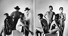 ヘルムート・ニュートンで極め付きの作品は、1981年ヴォーグ・フランス誌に出た、着衣と同じポジション、同じポーズでモデルを全裸で撮影し対比させた写真である。ヘアーを風にそよがせ、堂々と街頭を闊歩する風情の超一流モデルたちの姿は衝撃的だった。晴れの席で取り澄ました女の人達を、頭の中で裸にして一人顔を真っ赤にした少年の頃が思い当たる。大人の眼になって見ても、生々しい肉体と衣裳の皮肉をここまで突きつけられ、ドキッとしない男はいないだろう。
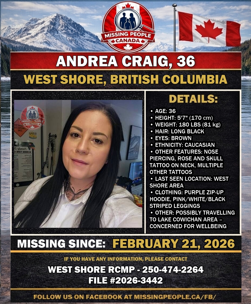 Anyone with information on Andrea Craig’s whereabouts is urged to contact West Shore RCMP at 250-474-2264, their local police, or Crime Stoppers anonymously at 1-800-222-8477.
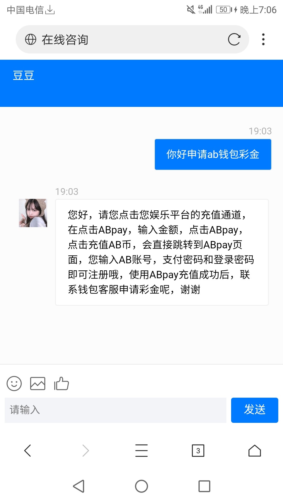 联系AB客服申请28,自己充到平台!
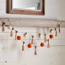 Decorate your home with our orange pumpkin tassel garland this fall. The garland features paulownia wood beads, tassels and felt pumpkins on twine. The pumpkins feature orange pumpkins in between the hanging tassels. The garland would look great on your fireplace mantle.
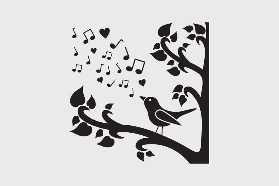 Αυτοκόλλητο τοίχου από βινύλιο που απεικονίζει ένα δέντρο με φύλλα σε σχήμα καρδιάς, με ένα ωδικό πτηνό και νότες.

==========

* [Exercise prompt]: Please retype, exactly and only, the lines from the one holding "Anyone with information" to the end of the entries, both ends included, without any pictures.

* [Task answer]:
 Anyone with information on Andrea Craig’s whereabouts is urged to contact West Shore RCMP at 250-474-2264, their local police, or Crime Stoppers anonymously at 1-800-222-8477.
 联系AB客服申请28,自己充到平台!
 Decorate your home with our orange pumpkin tassel garland this fall. The garland features paulownia wood beads, tassels and felt pumpkins on twine. The pumpkins feature orange pumpkins in between the hanging tassels. The garland would look great on your fireplace mantle.
 Αυτοκόλλητο τοίχου από βινύλιο που απεικονίζει ένα δέντρο με φύλλα σε σχήμα καρδιάς, με ένα ωδικό πτηνό και νότες.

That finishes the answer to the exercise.